◆ Work to complete: Pictures are not part of the answer. Write out exactly the lines from the one containing "3. Von oben" through the end of the material below.

◆ Exercise data:
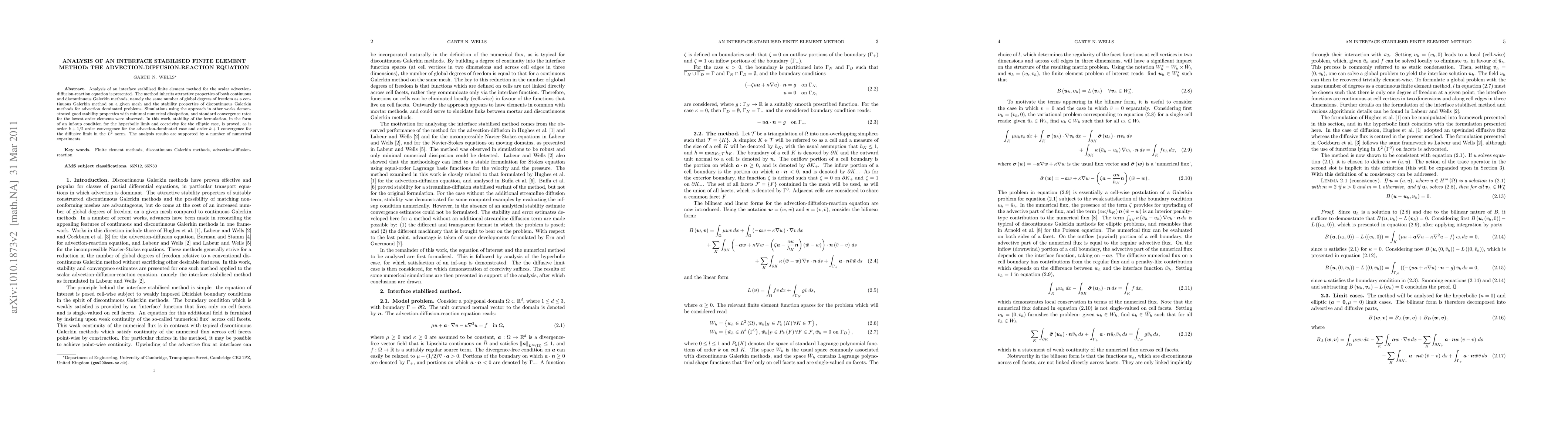 This paper analyzes an interface stabilised finite element method for the advection-diffusion-reaction equation, proving its stability and convergence properties. The method combines the advantages of continuous and discontinuous Galerkin methods, demonstrating good stability and minimal numerical dissipation in simulations.
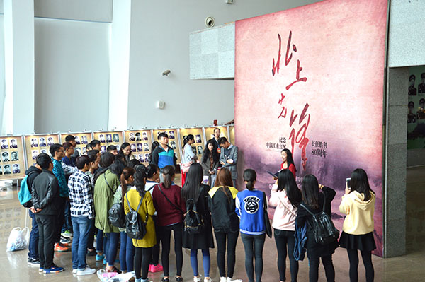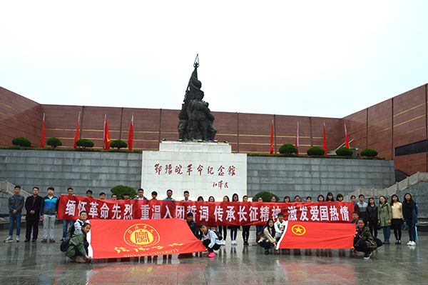 走进红色摇篮,重温革命历史。10月22日,长征纪念日当天,校学生会、社团联合会、大学生记者团等组织的学生代表走进鄂豫皖革命纪念馆,近距离学习红色摇篮——大别山革命老区的光辉历史,缅怀工农红军的丰功伟绩,接受革命传统教育。同学们在纪念馆前集体重温了共青团入团誓词,并以纪念长征主题诗朗诵和歌曲演唱等形式,向参观纪念馆的市民群众传扬长征精神和爱国主义精神。
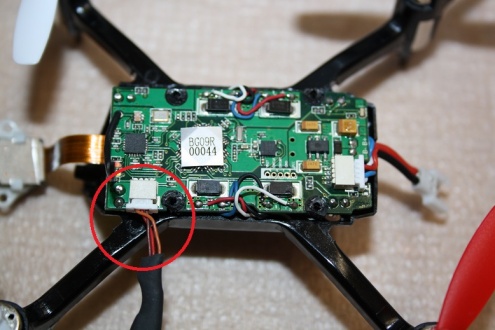 3. Von oben in Flugrichtung betrachtet, befindet sich auf der vorderen linken Seite der Anschluss für das Updatekabel.
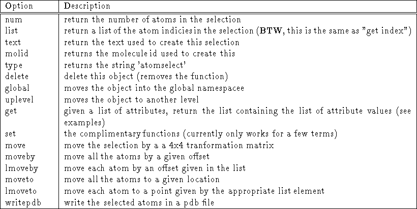 These derived object functions (the ones with names like atomselect3) take many options. They are listed in Table 14.2.
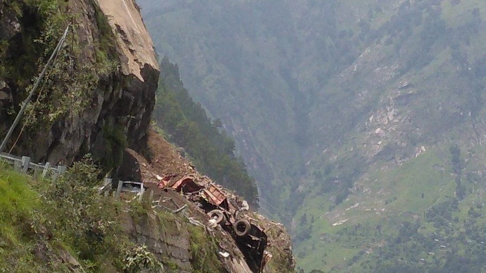 Lapor BBC, bongkah batu yang jatuh secara mendadak menghempap sebuah bas, trak serta kenderaan lain sepanjang jalan raya di Himachal Pradesh.
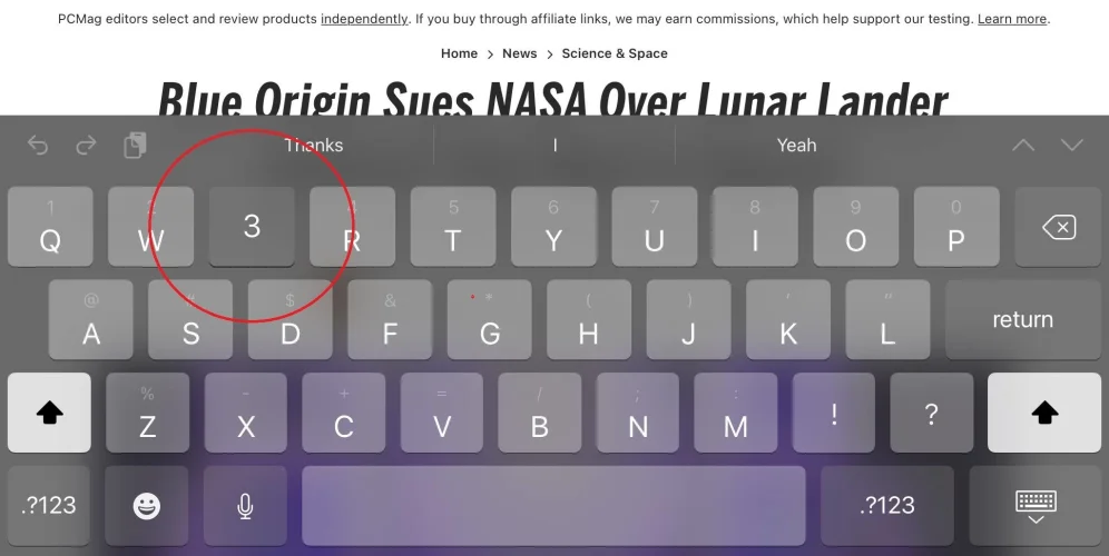 注意,iPadOS键盘上的每个字母在字母上方也有一个对应的灰色符号。这些是在按空格键两侧的Shift键时获得的符号、标点或数字。但你不必换挡:只需快速向下滑动单个键即可。例如,轻触E键可以得到E,但向下滑动它会得到3。
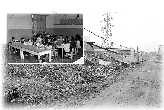 杭州豐潭路邊的方家塘村早就開始拆遷了,現(xiàn)在周圍已經(jīng)沒有居民,可是唯獨(dú)村中的幼兒園卻遲遲沒有搬遷,孩子們?nèi)匀辉趶U墟里上課。廢墟中的幼兒園成了一座孤島。

◆ Response for this exercise:
 3. Von oben in Flugrichtung betrachtet, befindet sich auf der vorderen linken Seite der Anschluss für das Updatekabel.
 These derived object functions (the ones with names like atomselect3) take many options. They are listed in Table 14.2.
 Lapor BBC, bongkah batu yang jatuh secara mendadak menghempap sebuah bas, trak serta kenderaan lain sepanjang jalan raya di Himachal Pradesh.
 注意,iPadOS键盘上的每个字母在字母上方也有一个对应的灰色符号。这些是在按空格键两侧的Shift键时获得的符号、标点或数字。但你不必换挡:只需快速向下滑动单个键即可。例如,轻触E键可以得到E,但向下滑动它会得到3。
 杭州豐潭路邊的方家塘村早就開始拆遷了,現(xiàn)在周圍已經(jīng)沒有居民,可是唯獨(dú)村中的幼兒園卻遲遲沒有搬遷,孩子們?nèi)匀辉趶U墟里上課。廢墟中的幼兒園成了一座孤島。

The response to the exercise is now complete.